Pakistan’s Designated Non-Financial Businesses and Professions (DNFBPs)
Pakistan’s Anti-Money Laundering Act now includes obligations that apply to DNFBPs. This includes lawyers and law firms, notaries, other legal professionals, accountants and accounting firms, when they provide certain services to client, real estate agents including brokers and dealers, builders and developers, housing authorities, as well as dealers in precious metals and stones including jewellers when conducting cash transactions over 2 million rupees. The accounting and legal sectors are also subject to AML/CFT, rules when they provide trust and company services for clients.

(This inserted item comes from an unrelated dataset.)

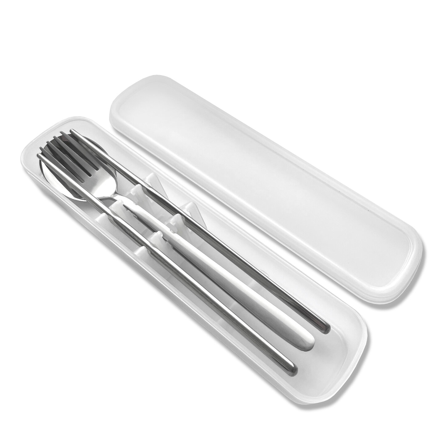 Купить Дорожный набор полноразмерных столовых приборов из 3 предметов (вилка, овальная ложка , китайские палочки), качественный походный набор в футляре, белый матовый

Understanding Money Laundering and Terrorist Financing Risk in DNFBPs
The key to an effective AML/CFT system is a good understanding of risk. Each DNFBP must assess and document its risks by looking at its customers, business types, delivery channels and geographic exposure, and keep this understanding up to date. This allows for resources to be targeted towards those areas that present the greatest risk for money laundering and terrorist financing abuse, in order to mitigate these risks.
DNFBP Obligations: Preventive Measures and Internal Controls
Successfully implementing and executing a comprehensive compliance program of preventive measures and internal controls will help to protect a DNFBP from being used by criminals and will ensure that the DNFBP meets its obligations under Pakistani law.
What to Expect Under Pakistan’s New AML/CFT Supervisory Regime
Each DNFBP sector has a dedicated supervisor or set of supervisors to monitor and encourage compliance with AML/CFT obligations. This includes compliance inspections to assess how well DNFBPs are meeting their AML/CFT obligations.